DECT has been introduced into treatment planning of proton therapy [13], [14]. In this clinical workflow, virtual mono-energetic images (VMIs) are used, which are comparable to SECT images acquired at a single energy instead of the full x-ray spectrum [15]. Hudobivnik et al. have compared dose calculations based on SECT and DECT scans in the brain region [16]. They found range differences on the order of 1 mm, but concluded this result to be insignificant as their DECT-based SPR estimation had an accuracy of the same order [16]. Treatment planning comparisons have also been performed on prostate and brain tumor patients by Wohlfahrt et al. [14]. They found that the range shifts for brain tumors was 1.1 mm (1.2% of the total range) and 4.1 mm (1.7%) for prostate-cancer patients [14].

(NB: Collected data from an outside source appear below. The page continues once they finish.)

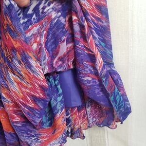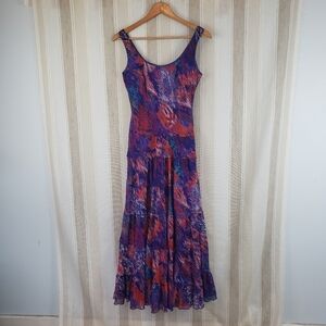 Kasper 90s Tiered Sleeveless Max Dress Watercolor Peacock Purple Size 4 Chiffon
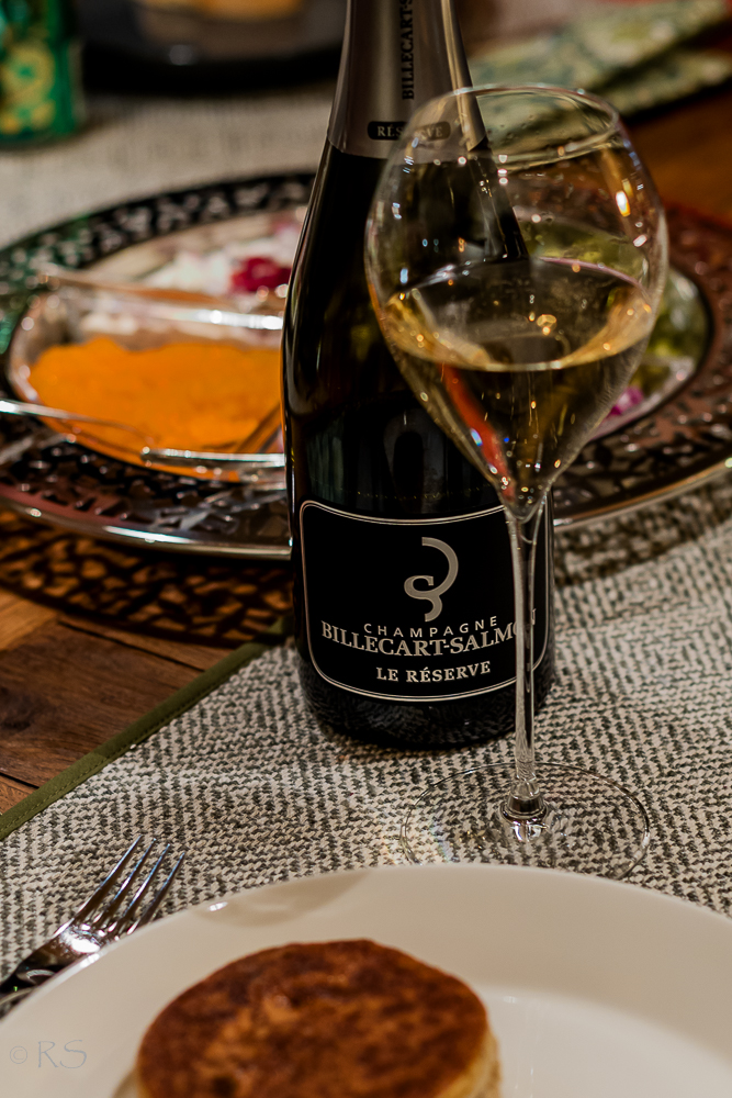 Hain aamupäivällä Chez flon paistamia blinejä, ja sitten samalla reissulla tykötarpeita Kauppahallista (kälyltä) ja vielä Alkosta Champagnea. Juhla kun haluttiin, niin satsasin samppanjaan. Billecartissa oli voimaa ja makua jopa poromoussen pariksi.
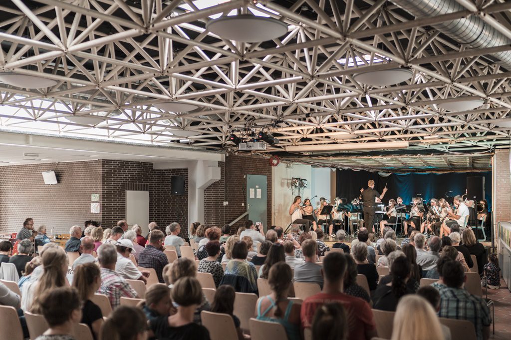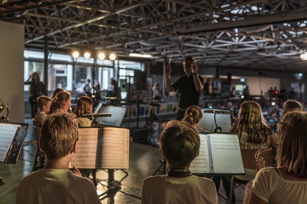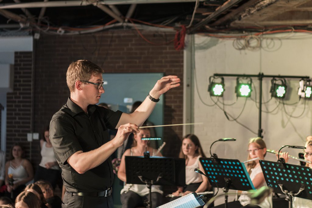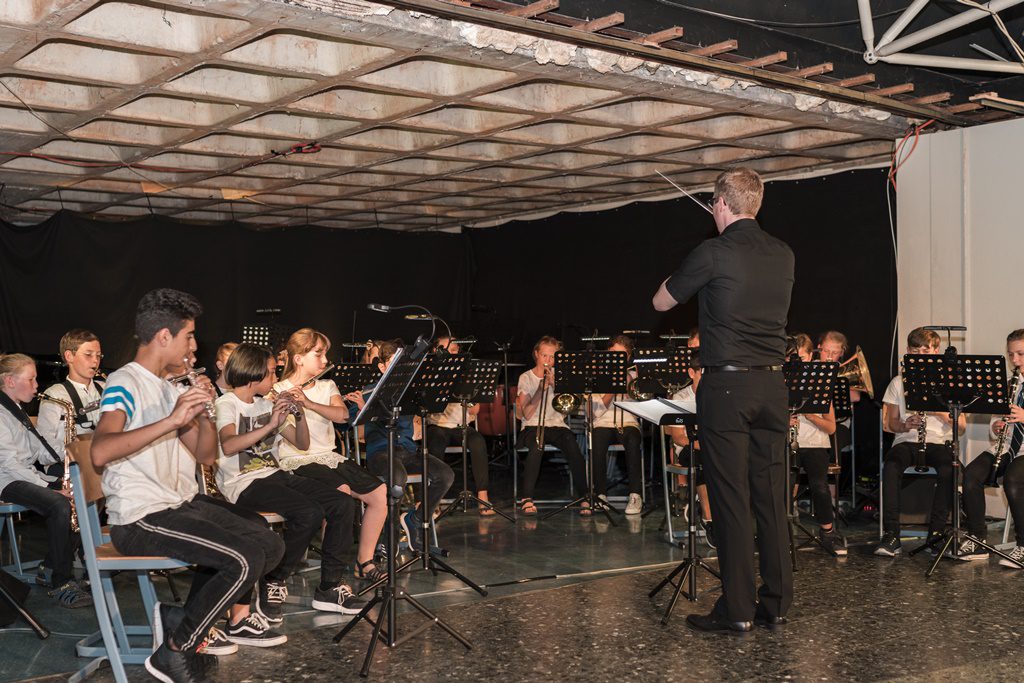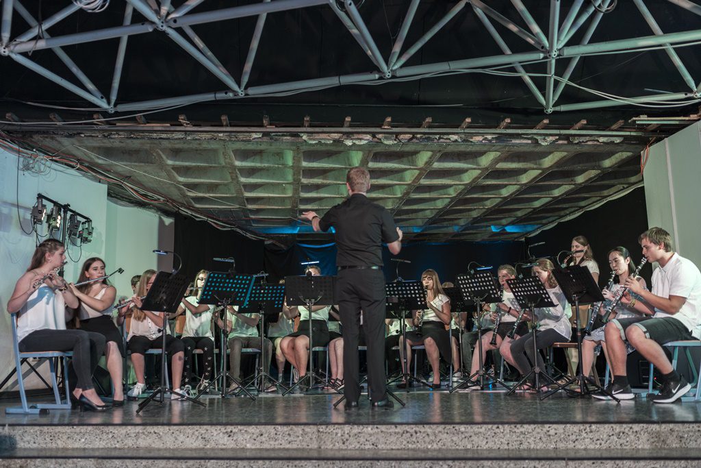 Die neue Bläserklasse 5, ebenfalls gecoached und dirigiert von Malte Gerlach, ließ sich dann auch nicht lange bitten, und überraschte nach nur einem knappen Jahr Lernzeit mit einem sicheren und klanglich beeindruckenden Vorspiel des Gospels Oh when the Saints und dem japanischen Volkslied Sakura, Sakura. Im Anschluss bewies die Bläserklasse 6 ihr gefestigtes Zusammenspiel mit der Bläserklassenhymne School Spirit, und traf mit hörbarer Musizierfreude den sommerlichen Nerv des Abends mit Camila Cabellos Havanna in einer Bearbeitung von Malte Gerlach.
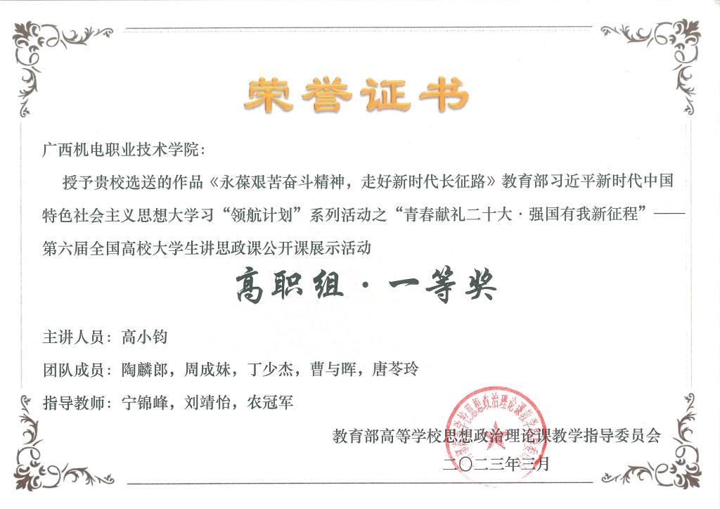 2020—2023年连续4年获广西高校思政课教师教学基本功暨“精彩一课”比赛最高奖项;

The advantages of DECT should be investigated for all potential proton therapy indications. Treatment of patients with head and neck (HN) cancer is a particular challenge due to the many critical normal tissues close to the targeted tumor-bearing volumes. These patients may therefore benefit considerably from proton therapy due to the possibility of improved normal tissue sparing [17]. Furthermore, it has been shown that larger range margins (up to around 6% + 1 mm) were needed in the HN region [18]. Accurate SPR calculation has therefore a considerable potential for these patients. DECT- and SECT-based SPR determination for the HN region has so far only been compared in a head phantom, indicating that DECT is superior to SECT, especially in heterogeneous regions [19]. The aim of this study was to compare DECT- and SECT-based SPR estimation in a cohort of HN cancer patients, in terms of water-equivalent path lengths (WEPLs) and SPR distributions in selected anatomical regions with homogeneous density. As the superiority of DECT has already been established in theoretical, phantom and animal tissue evaluations [4], [5], [6], [7], [9], [10], [11], any SPR deviations between DECT and SECT will be considered to be in favor of DECT-based proton therapy treatment planning.

2. Material and methods

2.1. Patient cohort

This study was approved by the local ethics committee in the Central Denmark Region (ESDH 1-10-72-61-16). In total, fourteen HN cancer patients were DECT scanned after written informed consent was obtained. The first eight patients were scanned with a Dual Source CT scanner (Group A) while the last six patients were scanned using a conventional SECT scanner by acquiring two consecutive scans at different kVp-settings (Group B). All patients were treated with photon-based radiotherapy, and they were scanned approximately mid-way through their treatment course (in week three or four).

2.2. SPR calculation

For the DECT-based SPR estimation, we used the method proposed by Taasti et al. [7]; the equations used for the SPR estimation were:

$${\text{SPR}}_{\text{soft}}^{\text{est}}=(1+x_{\text{s}1})u_H-x_{\text{s}1}{u}_L+x_{\text{s}2}{u}_L^2+x_{\text{s}3}{u}_H^2+x_{\text{s}4}\left(u_L^3+u_H^3\right)$$ (1a)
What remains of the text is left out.